= ABOUT THIS TASK =
For the records below, print the lines from the line with "Click the pencil/edit" through the line with "29in Wide Snow" exactly as written; include both end lines and exclude the rest.

= DATA =
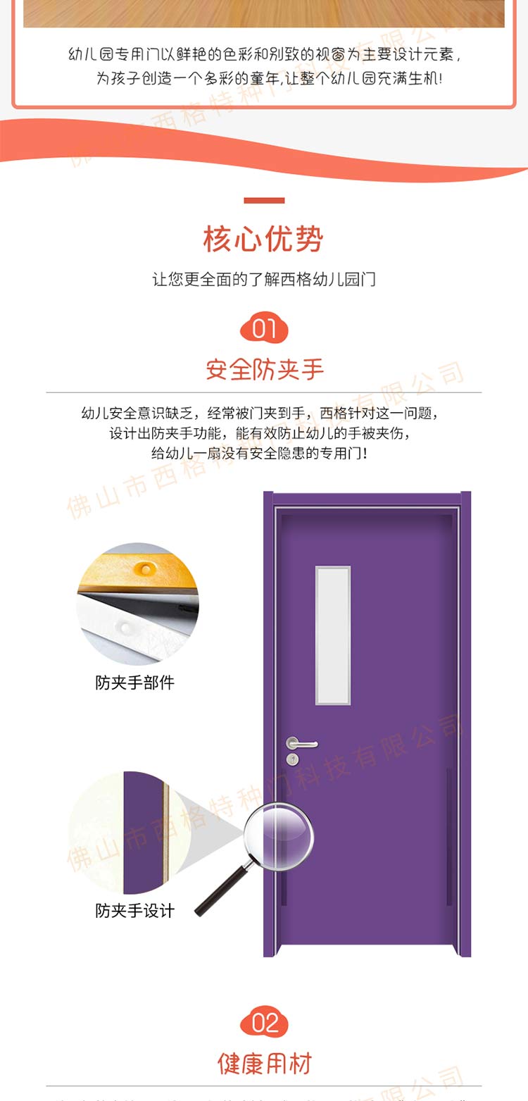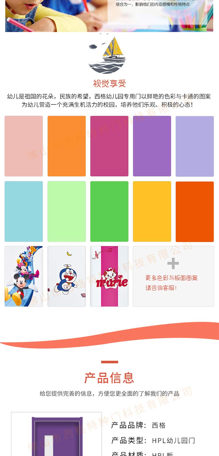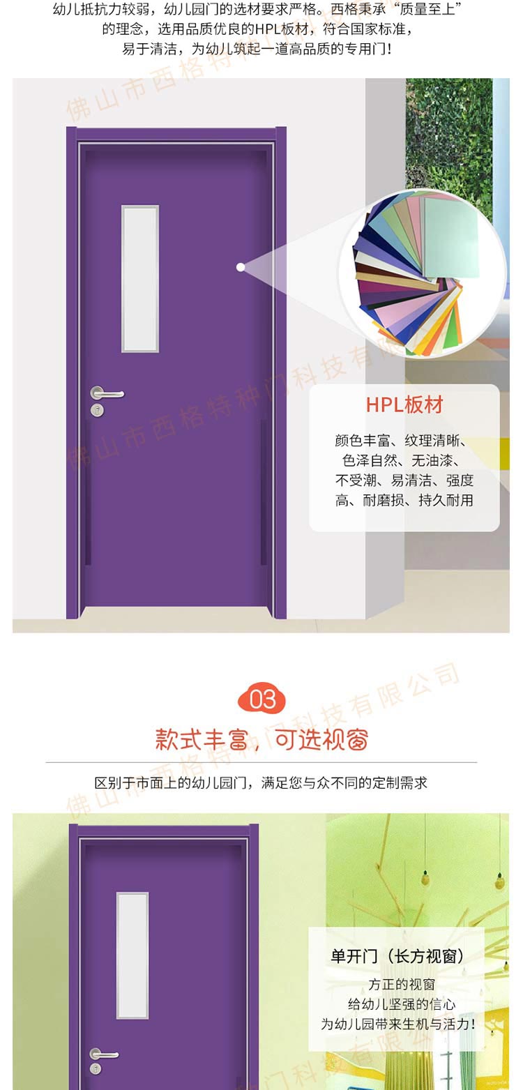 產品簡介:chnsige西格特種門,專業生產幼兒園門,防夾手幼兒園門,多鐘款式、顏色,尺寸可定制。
---
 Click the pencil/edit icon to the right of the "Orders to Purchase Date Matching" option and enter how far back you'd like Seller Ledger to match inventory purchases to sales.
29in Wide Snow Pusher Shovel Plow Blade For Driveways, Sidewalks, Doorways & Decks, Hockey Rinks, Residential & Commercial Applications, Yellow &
* * *
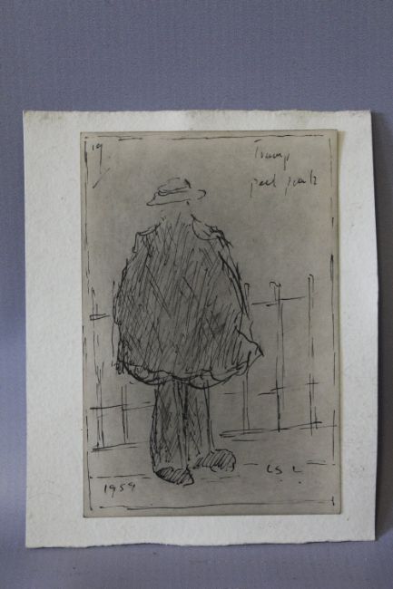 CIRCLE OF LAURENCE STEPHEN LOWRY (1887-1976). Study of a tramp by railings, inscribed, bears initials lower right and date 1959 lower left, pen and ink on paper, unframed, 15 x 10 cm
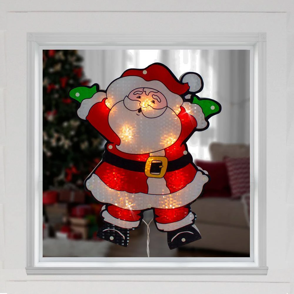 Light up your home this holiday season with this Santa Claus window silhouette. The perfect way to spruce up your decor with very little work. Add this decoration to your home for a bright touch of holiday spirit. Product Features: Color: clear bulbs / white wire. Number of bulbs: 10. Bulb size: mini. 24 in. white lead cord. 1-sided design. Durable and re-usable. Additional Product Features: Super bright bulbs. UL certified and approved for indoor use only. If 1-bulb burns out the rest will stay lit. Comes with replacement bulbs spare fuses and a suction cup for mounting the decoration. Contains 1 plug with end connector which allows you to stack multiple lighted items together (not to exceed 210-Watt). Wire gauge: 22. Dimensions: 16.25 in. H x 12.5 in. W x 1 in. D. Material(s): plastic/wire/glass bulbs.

= EXERCISE SOLUTION =
 Click the pencil/edit icon to the right of the "Orders to Purchase Date Matching" option and enter how far back you'd like Seller Ledger to match inventory purchases to sales.
29in Wide Snow Pusher Shovel Plow Blade For Driveways, Sidewalks, Doorways & Decks, Hockey Rinks, Residential & Commercial Applications, Yellow &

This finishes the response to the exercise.